**Data:**
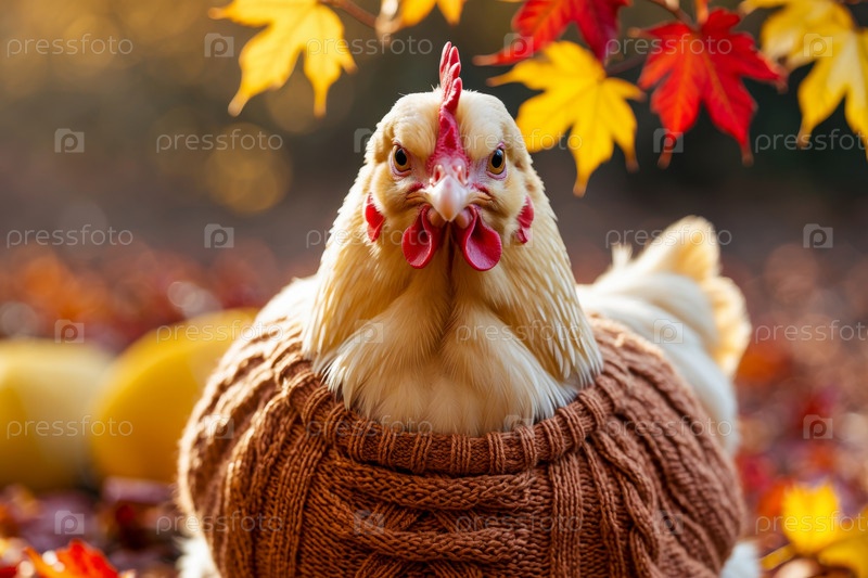 AI Generative Курица в трикотажном свитере на осеннем лесном фоне, животное с красными и желтыми листьями
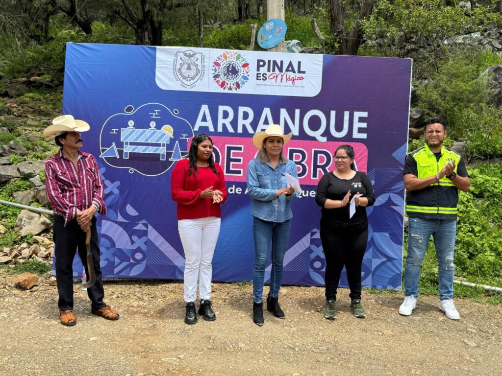 En representación de la presidenta municipal de Pinal de Amoles, Lupita Ramírez Plaza, la regidora Lizbeth Plaza Hernández, dio el banderazo de inicio a la obra de construcción de una rampa con concreto hidráulico en el camino a Las Mesas de Santa Inés, como parte de las acciones del Fondo de Aportaciones para la Infraestructura Social Municipal (FAISMUN) 2025.
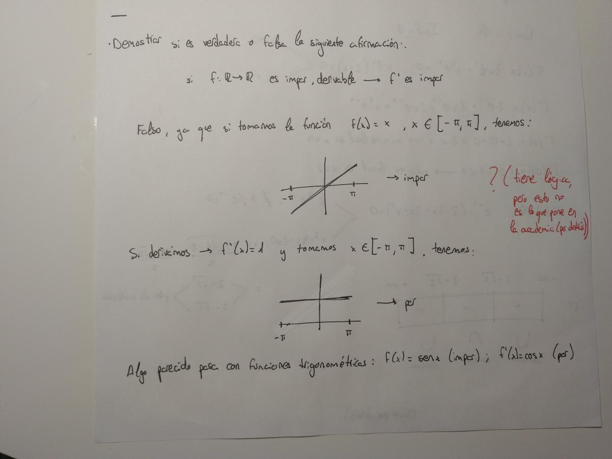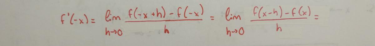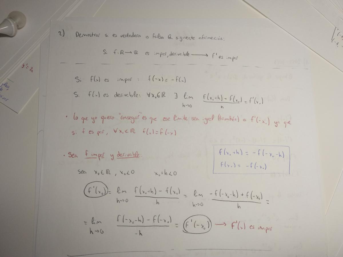 "Demostrar si es verdadera o falsa la siguiente afirmación: Si f:R->R es impar y derivable, entonces f' es impar"
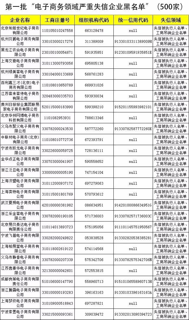 国家信息中心副主任周民表示,在全国信用信息共享平台上有关部门共享的黑名单信息中,经分析比对,共梳理出电子商务黑名单企业6440家,其中首批500家已在“信用中国”网站公布。
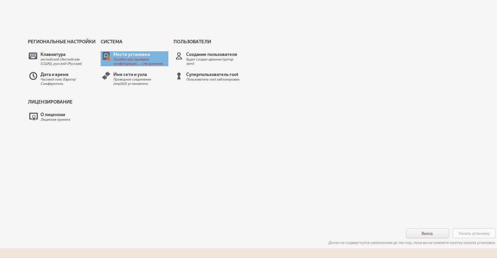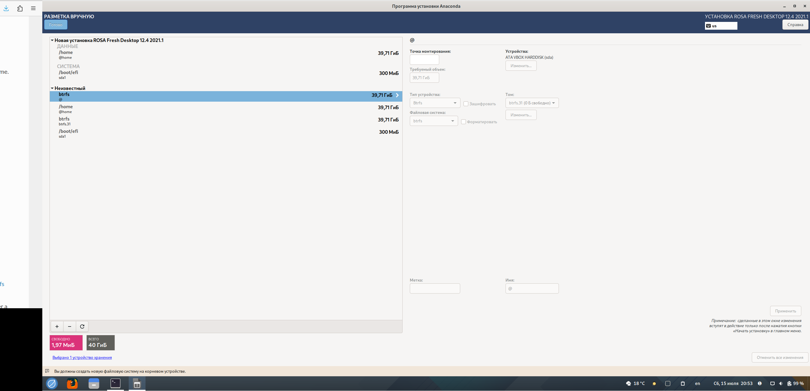 Не могу установить Rosa Fresh Gnome на Btrfs.

**Work request:**
Transcribe word for word only the lines from the one with "si es verdadera" through the end of the listing; every picture is to be omitted.

**Output below:**
 "Demostrar si es verdadera o falsa la siguiente afirmación: Si f:R->R es impar y derivable, entonces f' es impar"
 国家信息中心副主任周民表示,在全国信用信息共享平台上有关部门共享的黑名单信息中,经分析比对,共梳理出电子商务黑名单企业6440家,其中首批500家已在“信用中国”网站公布。
 Не могу установить Rosa Fresh Gnome на Btrfs.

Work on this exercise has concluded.